Он долго болтал, рассказывал про сад, про этот дом но о ней сам он ничего не мог мне сообщить такого, что бы я не знал уж раньше. Это был какой-то праздник, мы были свободны, и наша беседа тянулась. Я рассказал ему из ее прошедшего гораздо больше, чем он из настоящего.
— А знаешь что? — сказал он. — Приезжай нынче летом ко мне. Ведь это недалеко от вас, верст сорок — пятьдесят, не больше. Тогда ты ее увидишь. Можно будет под каким-нибудь предлогом к ней поехать. Отец был у нее, не помню, по какому-то делу, и она очень милая, очень любезно его приняла.

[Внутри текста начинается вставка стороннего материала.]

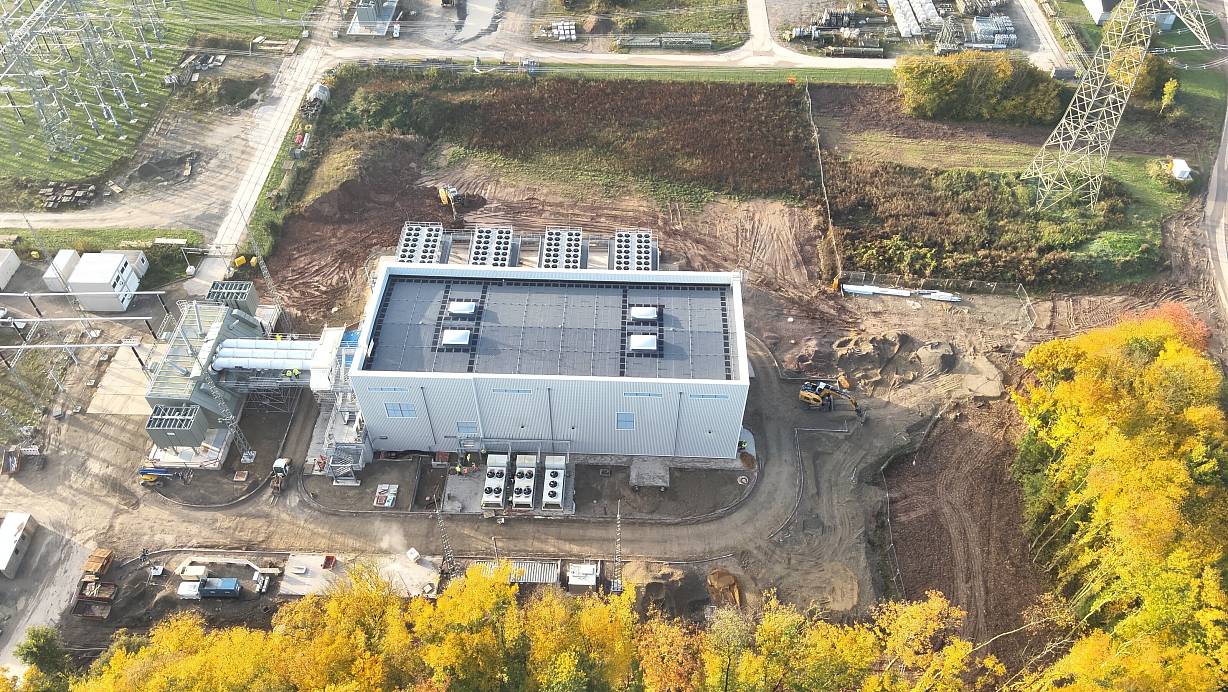 Riesige Halle: Der Blick aus der Luft täuscht: Die Maschinenhalle, in der sich der Phasenschieber befindet, hier während der Bauphause, ist mehrere Stockwerke hoch. Mitterweile stehen auch rund um die Halle etliche weitere Anlagen. | © Tennet

И я было решил, обещав ему непременно приехать к нему летом, а потом вместе отправиться к Свистовой, но что-то мне помешало, летом я к нему не попал, и так опять-таки вся эта история забылась.
X
Прошло много лет. Я жил в Петербурге, нередко навещал и деревню. Однажды я застрял там и на всю осень. В то время я был страстный ружейный охотник. В простой телеге, вдвоем с егерем и собакой, мы заезжали иногда верст за двести и более от дома. И куда мы попадали, где мы были, мы и сами не знали. От болота к болоту, от села к селу, глядишь, уж и в чужом совсем месте, в другом уезде. Ночуем, пока тепло, в поле, под стогом, у копны; начнутся холода, темные ночи, ранние вечера, пойдут дожди — заезжаем ночевать в избы мужицкие. Охоту я понимал всегда именно только так; иной охоты я никогда и не любил.

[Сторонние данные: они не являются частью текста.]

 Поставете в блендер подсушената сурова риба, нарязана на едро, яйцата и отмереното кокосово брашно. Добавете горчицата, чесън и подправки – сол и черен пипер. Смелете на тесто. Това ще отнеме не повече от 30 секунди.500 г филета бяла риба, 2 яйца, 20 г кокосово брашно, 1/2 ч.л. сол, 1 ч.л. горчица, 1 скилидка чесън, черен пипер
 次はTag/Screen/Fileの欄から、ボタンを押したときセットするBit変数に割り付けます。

Однажды, вот когда таким образом, пробираясь из села в село, мы заехали в совсем уж незнакомую нам сторону. Был темный, холодный, поздний вечер. Не зная дороги, мы бог знает куда заехали и плутали. Наконец было уж совсем темно, когда мы очутились у какой-то усадьбы; лаяли собаки, виднелся в темноте какой-то лес, мелькали огоньки. Кое-как мы добрались до жилья.
— Чья это усадьба?
— Госпожи Свистовой, — ответил нам какой-то человек, вышедший на собачий лай из избы.
— Как?
— Анны Павловны, госпожи Свистовой, — повторил в темноте голос.
«Боже мой, вот судьба-то куда привела!» — подумал я.
— Она дома?
— Дома.
— Спит уже?
— Никак нет. У них гости.
— Вот что, любезный, мы измокли, иззябли — где бы нам тут у вас переночевать?
— А вы кто будете?
Я сказал. Человек, говоривший со мною, подумал немного и проговорил:
— Да где же тут? Во флигеле разве... Надо позволения попросить.
— У кого?
— Да у барыни.
— А как же ее можно видеть?
— Да уж вам надобно тогда в дом к ним сходить.
— Пойдем. Проводи меня.
И я как был, в высоких сапогах, в грязи, весь мокрый, отправился с провожатым моим через двор к огромной темной массе — господскому дому. Мы поднялись на крыльцо, ощупали ручку двери и отворили ее. Огромная передняя, слабо освещенная, и в ней ни души; дальше слышались голоса и звенели какие-то струны, но это были не скрипка и не гитара, а какой-то совсем неизвестный мне инструмент. Мы остановились в передней и не знали, что же нам дальше делать, — нельзя же в этаком уборе идти в следующие комнаты. Наконец звуки струн смолкли, голоса послышались резче, и вскоре кто-то, разговаривая, прошел в соседней комнате. Я кашлянул и громко проговорил:
— Позвольте вас спросить...
Немедленно из соседней комнаты к нам кто-то вошел.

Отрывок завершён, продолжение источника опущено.